Others were tortured and refused to be released, so that they might gain a better resurrection. Some faced jeers and flogging, while still others were chained and put in prison. They were stoned; they were sawed in two; they were put to death by the sword. They went about in sheepskins and goatskins, destitute, persecuted and mistreated— the world was not worthy of them. They wandered in deserts and mountains, and in caves and holes in the ground. These were all commended for their faith, yet none of them received what had been promised. God had planned something better for us so that only together with us would they be made perfect.
Been doing my ‘homework reading’ from Chris for ‘The Barbarian Way’ by Erwin Raphael McManus. Reading the second chapter and the author’s view on the famous Hebrews 11 passage really caught my attention.
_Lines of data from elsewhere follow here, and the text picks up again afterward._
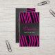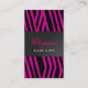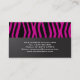 Visitenkarte mit einem rosa Zebradruckentwurf. Diese Karte ist zur Kundenbezogenheit mit Ihren Geschäftsinformationen bereit. Aller Text kann geändert werden - ändern Sie die Art, Farben, Größen, fügen Sie hinzu oder entfernen Sie Textfelder zum Anzug Ihr Bedarf. Wenn Sie irgendeine Hilfe bitte, benötigen Kirsty auf kirsty_pargeter@yahoo.co.uk zu emailen
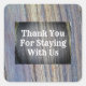 Express your appreciation to your vacation rental guests with this rustic square sticker. This sticker features a photo of beautiful woodgrain stripes displaying earth tone colours of brown and grey. A centre square of darker woodgrain provides the background for your words of appreciation. "Thank you for staying with us" can easily be customised to suit your needs.
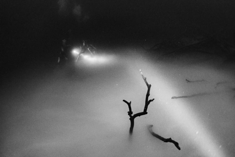 V Anjelitě je zajímavý úkaz. V místě mísení sladké a slané vody cca 30 m hluboko se místo klasické halokliny drží vrstva bohatá na sirovodík. Jak já to vidím, sirovodík, který vzniká rozkladem lupení napadaného do cenotu zreaguje s vodou, protože kyselina sirovodíková je lehčí než slaná voda nastoupá pod vrstvu sladké vody, která lehčí než slaná voda a výše zmíněná kyselina. Tak místo typicke halokliny vznikne ta vrstva bohatá na výše zmíněnou kyselinu. No popisu fotogalerie to asi moc nepomohlo, ale obecně jsem to popsal snad celkem srozumitelně. Náš oddílový chemik mi tam sice ještě cpal iontovou a kovalentní vazbu a mrmlal si něco o difůzi, ale takhle to snad postačí ![]()
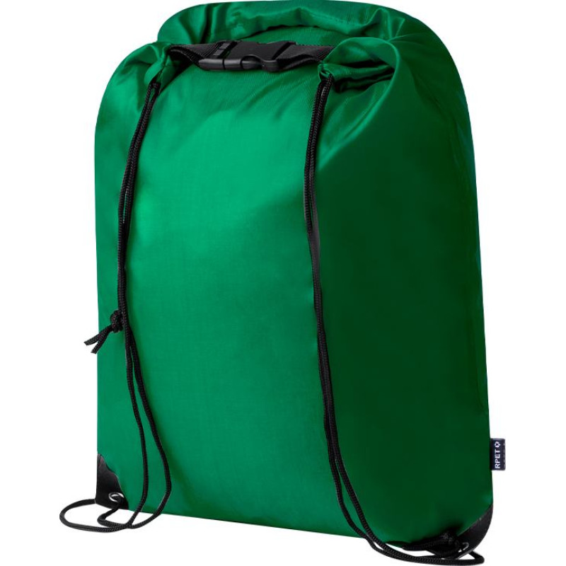 Drawstring backpack in soft RPET 210T polyester. With safety buckle closure and self-closing strings. Reinforced corners, metal eyelets and outside label with RPET logo. Available in a wide range of colours (white colour specially made for sublimation printing).RPET material is made from recycled plastic, thus promoting the reuse of plastic waste and helping the sustainability of the planet.

The first half of this chapter lists out all the Biblical heroes and their faith and their courage. However from v35 onwards, Chapter 11 lists out the nameless people who all paid the ultimate sacrifice for their faith.
It sort of reminds me of why Christianity still stands, why it still remains when every person left, right and centre say that God is obsolete. Because the Bible is more than just about the heroes that every Christian knows: Abraham, Isaac, Jacob et al. It’s about those who laid down their lives in the hope that God’s promise will come to pass. It’s those who were willing to suffer and sacrifice literally everything.
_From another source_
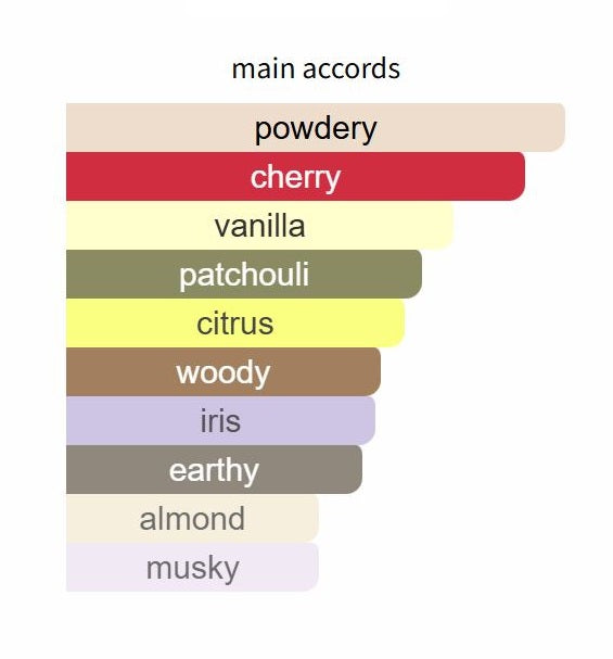 Cherry Cherry opens with a delightful blend of top notes, featuring the rich and inviting aroma of black cherry, complemented by the zesty freshness of bergamot and lemon. This invigorating combination sets the stage for the heart notes, where the earthy essence of patchouli meets the soft, sweet allure of heliotrope, orris root, and jasmine.

But here’s the ironic thing. If you asked these people whether they had any regrets about following God, all of them would say that they wouldn’t have it any other way. Not because their situations were crash hot: fleeing froma mob in a cave wasn’t fashionable, even back then. It was because they discovered the message of Christ and let it transform them from the inside out. The fact that other Christians may have an easier path in life probably didn’t even register with them: the truth of God’s Word and Jesus’s crucifixion was more than enough. As McManus says, God would choose safety over significance for our lives. He created us so that our lives would count, not so that we could count the days of our lives.
And for that, the author of Hebrews states that the world was not worthy of them.